# Lifestyles & Discussion > Freedom Living >  What food-bearing trees do you grow?

## Krugerrand

I planted 6 apple trees this spring.  I'm espalier pruning them according to this method: http://www.woodbridgefruittrees.com....espaliers.html

I'm thinking about paw-paw and hazelnuts for next year.  Has anybody here had much experience with either?  

My space is far from unlimited.  Hazelnuts seem to be a good nut option since they aren't as big as most others.

----------


## torchbearer

Don't answer this guy- he is definitely CIA/Mossad- here to gather data mining info on right wing extremist!

----------


## Dr.3D

It takes quite a long time before you get any fruit/nuts from trees.

I planted Carpathian walnut trees around 20 years ago and have been getting nuts from them for the past 9 years.  

I have planted apple, pear, Hazel nut, Elderberry and Pecan trees since then, and am still waiting for them to mature.

----------


## MsDoodahs

I have one apple down near the creek.  I've only been able to get a couple of apples off of it - the racoons and birds usually get all the fruit before I do.
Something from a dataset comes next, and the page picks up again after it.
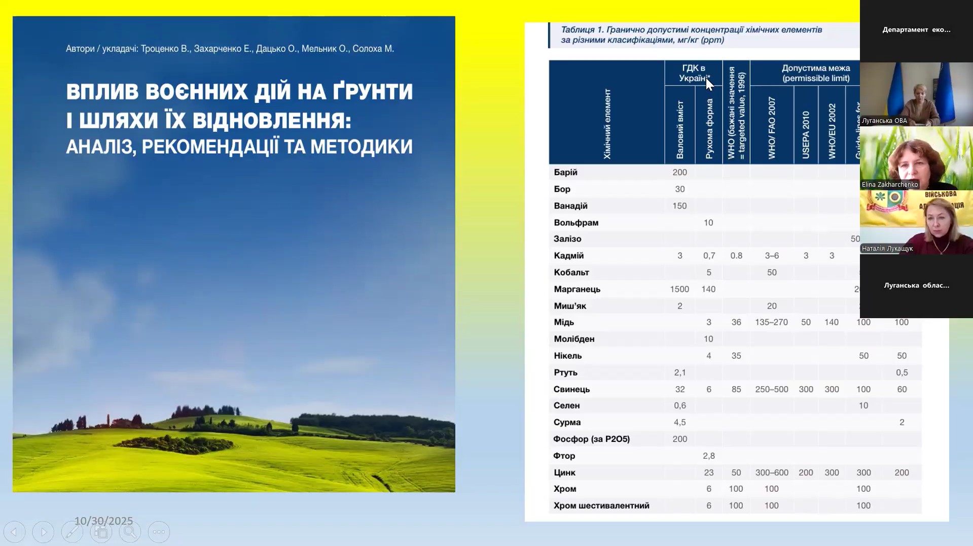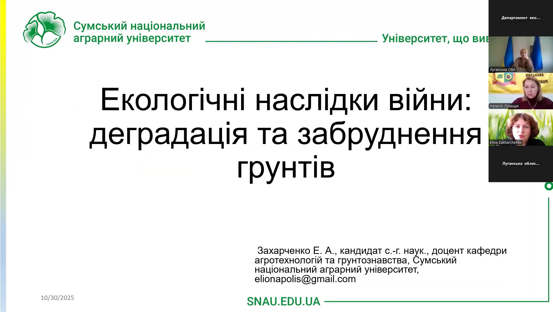 Доцентом кафедри агротехнологій та грунтознавства зроблено доповідь для управлінців та бізнесу Луганської області щодо ситуації на земельних ділянках сільськогосподарського призначення, що постраждали внаслідок бойових дій. Обговорено способи відбору грунтових зразків, попередні результати аналізу, порівняння даних з ГДК важких металів, надані практичні рекомендації щодо рекультивації ушкоджених ділянок. Оцінка рівня ушкодження та забруднення повинна здійснюватися фахівцями, так як далі буде здійснюватися розмір шкоди, що цікавило юристів та економістів.

I have two peaches.  So far, it has tended to be that when one hits, the other doesn't.

There are three figs on the property - two planted in total shade so they don't fruit at all and struggle just to survive.  The other one fruits but the critters usually get the figs before I do, lol.

I have one grapefruit.  Something has gotten the fruit as soon as it sets every year until this past year.  I got FOUR grapefruit off of the tree in late December and oh goodness they were WONDERFUL! 

There are lots of native pecans and a few hybrids on the property, too.

I'd like to set out several additional fruit trees this fall, probably two more apples, a couple of pears, and a couple more peaches.  Maybe a kumquat.  I'd also like to put in a grape arbor eventually...

----------


## dannno

What kind of weather are you in?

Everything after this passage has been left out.